Женщина, открывшая дверь, оказалась в точности такой, какой ее нарисовала себе Маура.
Доктор О'Доннел была пепельной блондинкой с бледной, безупречной кожей. Голубая хлопчатобумажная рубашка, заправленная в отутюженные белые брюки, была скроена так, чтобы подчеркнуть тонкую талию. Во взгляде, которым она окинула Мауру, тепла было мало. Скорее, в нем угадывалось любопытство. Взгляд ученого, рассматривающего новый экземпляр.
— Доктор О'Доннел? Я Маура Айлз.
О'Доннел ответила деловым рукопожатием.
— Проходите.
Маура зашла в дом, такой же холодно-элегантный, как и его хозяйка. Теплый оттенок придавали лишь восточные ковры на темных тиковых полах. О'Доннел провела гостью в строгую гостиную, где Маура осторожно присела на краешек дивана, обитого белым шелком. О'Доннел устроилась в кресле напротив. На разделявшем их журнальном столике палисандрового дерева стопкой лежали папки и цифровой диктофон. Хотя и выключенный, он излучал невидимую угрозу и добавлял Мауре неловкости.
— Спасибо, что согласились принять меня, — начала Маура.

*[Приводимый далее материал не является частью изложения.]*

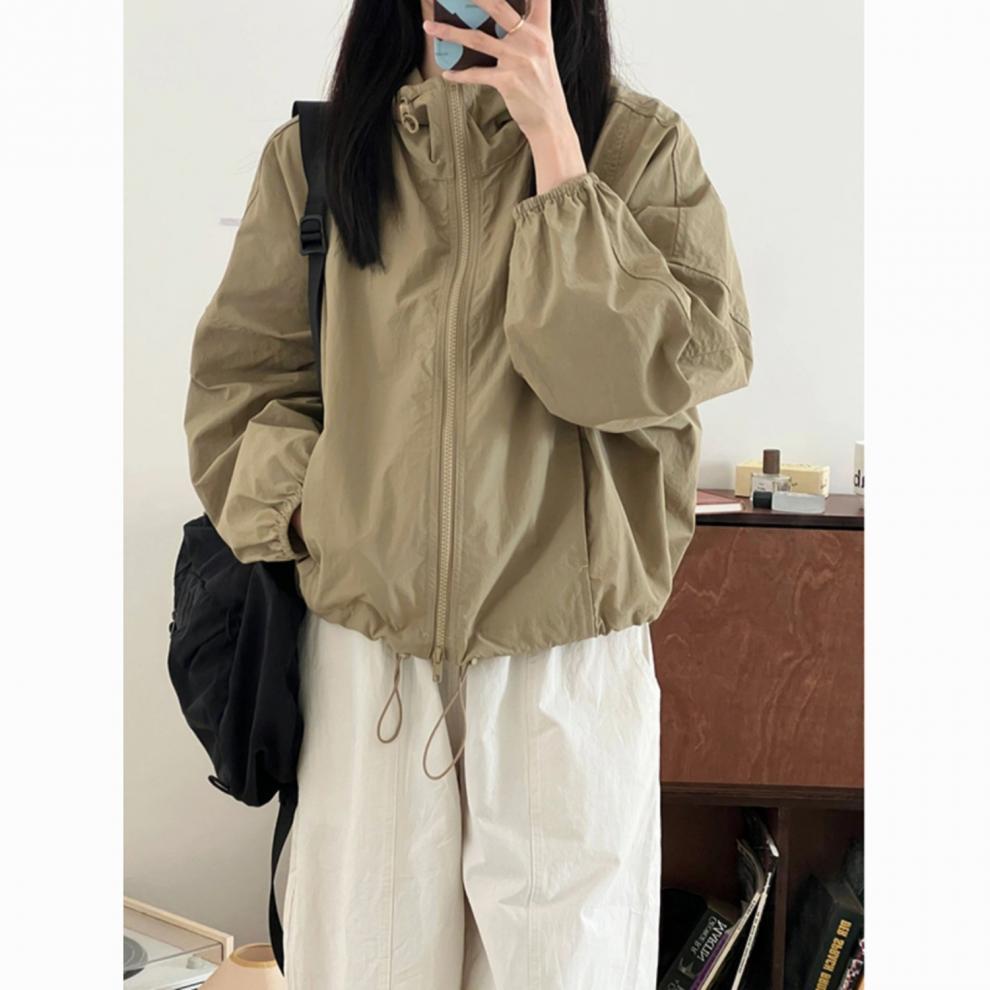 카키 짧은 등산 세트 재킷 여성의 봄과 가을 가을 얇은 방풍 작업 재킷 스포츠 탑스토어 가기

— Мне стало любопытно. Хотелось посмотреть, как выглядит дочь Амальтеи. Я ведь знаю о вас, доктор Айлз, но только из газет. — Она откинулась на спинку кресла, чувствуя себя в высшей степени комфортно. Преимущество хозяйки дома. Она делала одолжение, в то время как Маура выступала в роли просительницы. — А вот о вашем характере я ничего не знаю. Но очень хочу узнать.
— Почему?
— Я хорошо знакома с Амальтеей. И мне интересно…
— …похожа ли дочь на мать?
О'Доннел приподняла красивую бровь.
— Заметьте, вы это сказали, а не я.
— Так я угадала причину вашего любопытства?
— А в чем причина вашего любопытства? Что привело вас ко мне?
Взгляд Мауры скользнул по картине, висевшей над камином. Строго современное, написанное маслом полотно, испещренное ярко-красными и черными полосами.
— Я хочу знать, кто на самом деле эта женщина, — наконец произнесла она.
— Вы знаете, кто она. Просто не хотите в это поверить. Ваша сестра тоже не верила.
Маура нахмурилась.
— Вы встречались с Анной?
— Нет, мы не встречались. Но месяца четыре назад мне позвонила женщина, которая назвалась дочерью Амальтеи. Я уезжала в двухнедельную командировку в Оклахому, поэтому не смогла с ней встретиться. Мы просто поговорили по телефону. Она как раз вернулась из Фрэмингэма, поэтому знала, что я психиатр Амальтеи. Она хотела узнать как можно больше о матери. О детстве Амальтеи, ее семье.
— А вам все это известно?
— Кое-что я узнала из архива ее школы. Что-то она сама рассказывала в минуты просветления. Я знаю, что она родилась в Лоуэлле. Когда ей было девять лет, умерла ее мать, и она переехала жить к дяде и двоюродному брату в Мэн.
— В Мэн? — напряглась Маура.
— Да. Она окончила среднюю школу в городке Фокс-Харбор.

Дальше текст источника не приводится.